• Material provided:

= = = = =

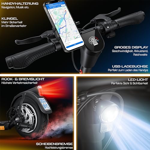 En matière de sécurité, le scooter électrique KESSER® est homologué pour la circulation, équipé de systèmes de freinage de haute qualité avec un frein à tambour à l’avant et un frein à disque à l’arrière, complétés par un feu arrière, un feu de freinage et un phare puissant pour une visibilité maximale. L’écran LCD intégré affiche toutes les informations importantes, comme la vitesse, le niveau de batterie et le kilométrage, tandis qu’un support pour smartphone permet de garder vos appareils à portée de main.
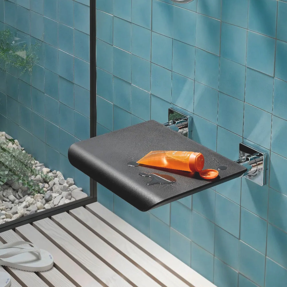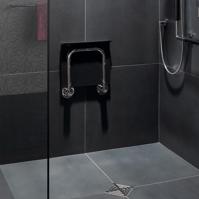 Emco System2 壁掛式折疊座椅可在您需要時為您提供可靠的幫助。當你不使用時,可輕鬆上掀靠於牆上。這使其成為全家人使用的浴室的理想選擇。
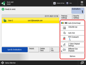 You can change the called up destination and scan settings before sending.
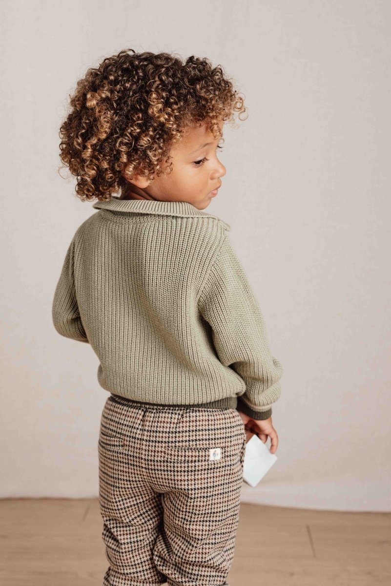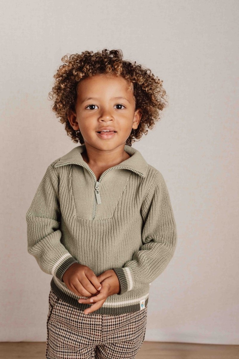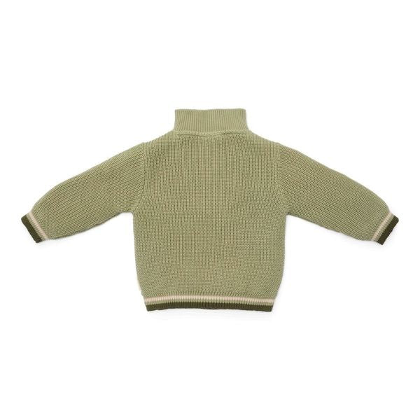 Denne strikkede trøje i en naturlig grøn nuance er fremstillet af økologisk bomuld og har en cool lynlås ved kraven. Kontrastfarvede striber forneden og på ærmerne giver trøjen et moderne og legende touch. Alle varer i Farm-kollektionen er nøje afstemt efter hinanden, så du kan mikse og matche i det uendelige. Fås i størrelserne 74, 80, 86, 92, 98 og 104

= = = = =

• About this task: Would you please set down the listing above exactly, minus its images?

• Answer section:
 En matière de sécurité, le scooter électrique KESSER® est homologué pour la circulation, équipé de systèmes de freinage de haute qualité avec un frein à tambour à l’avant et un frein à disque à l’arrière, complétés par un feu arrière, un feu de freinage et un phare puissant pour une visibilité maximale. L’écran LCD intégré affiche toutes les informations importantes, comme la vitesse, le niveau de batterie et le kilométrage, tandis qu’un support pour smartphone permet de garder vos appareils à portée de main.
 Emco System2 壁掛式折疊座椅可在您需要時為您提供可靠的幫助。當你不使用時,可輕鬆上掀靠於牆上。這使其成為全家人使用的浴室的理想選擇。
 You can change the called up destination and scan settings before sending.
 Denne strikkede trøje i en naturlig grøn nuance er fremstillet af økologisk bomuld og har en cool lynlås ved kraven. Kontrastfarvede striber forneden og på ærmerne giver trøjen et moderne og legende touch. Alle varer i Farm-kollektionen er nøje afstemt efter hinanden, så du kan mikse og matche i det uendelige. Fås i størrelserne 74, 80, 86, 92, 98 og 104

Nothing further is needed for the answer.